Mr Munodawafa said mainstreaming gender and climate change was one of the country’s priorities as it forged a roadmap for sustainable development.
“Climate change is the most important issue facing the world today while achieving gender equality and equity is one of the priorities of our time, and one of the greatest human rights challenges in the world,” he said.
“The United Nations Framework Convention on Climate Change (UNFCCC) at the Conference of Parties (COP) in 2019 adopted the Gender Action Plan (GAP), a significant milestone for the advancement of gender equality and women empowerment. Gender equality is also included in the Paris Agreement as integral to social transformation and climate action.”
Gender equality has also been mainstreamed in Government policies as a critical strategy for women empowerment across all sectors.
“Nationally, the Zimbabwe Constitution of 2013 upholds gender equality as one of its principles,” said Mr Munodawafa. “Gender mainstreaming has also been embedded in Government policies as a critical strategy for the promotion of gender equality, equity and women empowerment across all sectors.
“The revised National Gender Policy of 2017 has climate change as one of its thematic areas to which gender sensitive programming and inclusivity has to be fostered in order to attain inclusive sustainable development.”
Mr Munodawafa said there was need to ensure full stakeholders participation across the gender divide.
“There is broad understanding for the need to support strengthening of gender roles and ensuring the mobilisation of all capacities to address climate change,” he said.
“Therefore, linking climate change and gender in the revision of Nationally Determined Contributions (NDCs) process requires an inclusive dual approach of both gender- responsive mitigation and adaptation measures.”
Speaking at the same event, Zimbabwe Gender Commissioner Mrs Naome Chimbetete said in most rural communities across the country, women and girls were still suffering disproportionately from multi-dimensional poverty.
“Many women within this demographic are unpaid family workers and are often limited to subsistence farming and whenever there is a surplus to sell rural women seek to make profit for the sustenance of the family as opposed to personal gain,” she said.
“Government and other development partners such as UN should cooperate in empowering rural women and girls, as it is essential to building a prosperous, equitable future for all on a healthy planet.
“This is also needed for the country to achieve gender equality, ensuring decent work for all, eradicating poverty and hunger and taking climate action.”

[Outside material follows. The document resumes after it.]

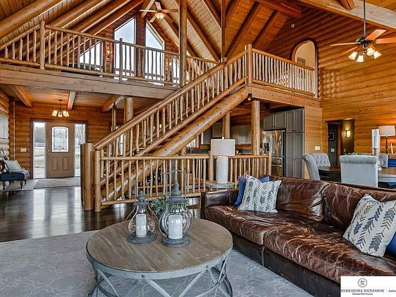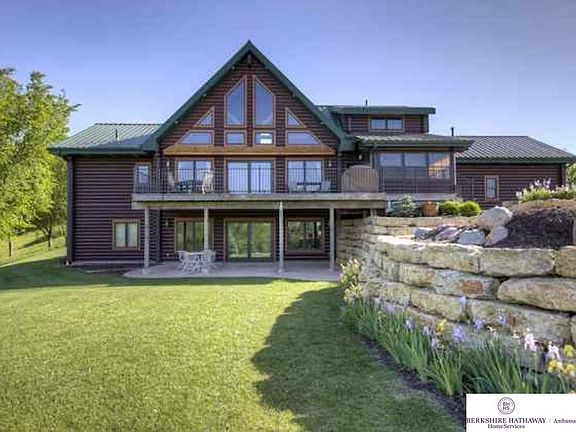 10 ACRE PIECE OF PARADISE! Looking for space, privacy, wildlife, or maybe a couple of horses? Here you go! Beautiful yet energy-efficient Luxury LOG home. Popular 1.5 story w/ spacious master suite on main. This estate offers, gorgeous views through every window, vaulted ceilings, stunning exposed log beams & a suspended staircase. Recently updated kitchen w/ SS appliances, Jen-air cooktop/grill, quartz countertop, & custom hardwood floors. Enjoy outdoor living at its best! Heated pool, firepit, expansive patio, hot tub/sunroom, 46' deck spans the entire back that overlooks the tree-lined creek. Amazing limestone stone steps & walls, expansive patio, fire pit. Use the huge heated 40'x 60' shop all year long w/ its concrete floor, 3/4 bath & office. Energy-efficient upgrades include Pella windows, Trane Smart home heat pump, Rheem Smart water heater, radiant floor heated floors. High-speed internet, Ft Calhoun School District, conveniently located 20 mins from shopping/Omaha metro area

Acting director of the Community Development Department in the Ministry of Women Affairs, Community, Small and Medium Enterprises Development Mrs Tariro Chipepera said improving the livelihoods of women required legal and policy reforms.
She said this will not require only leaders to act, but to make necessary changes for a carbon-neutral world.
“Improving the lives of women and girls in rural areas requires robust legal and policy reforms such as the newly implemented Gender Action Plan (GAP) that will see their (women) inclusion in decisions that affect their lives,” said Mrs Chipepera.
“One of the most effective ways to achieve progress on the threats posed by climate change is addressing gender inequality.”
Mrs Chipepera said empowered women have greater capacity to respond to climate change and they play important roles in adopting low-carbon technologies, spreading knowledge about climate change, and urging action.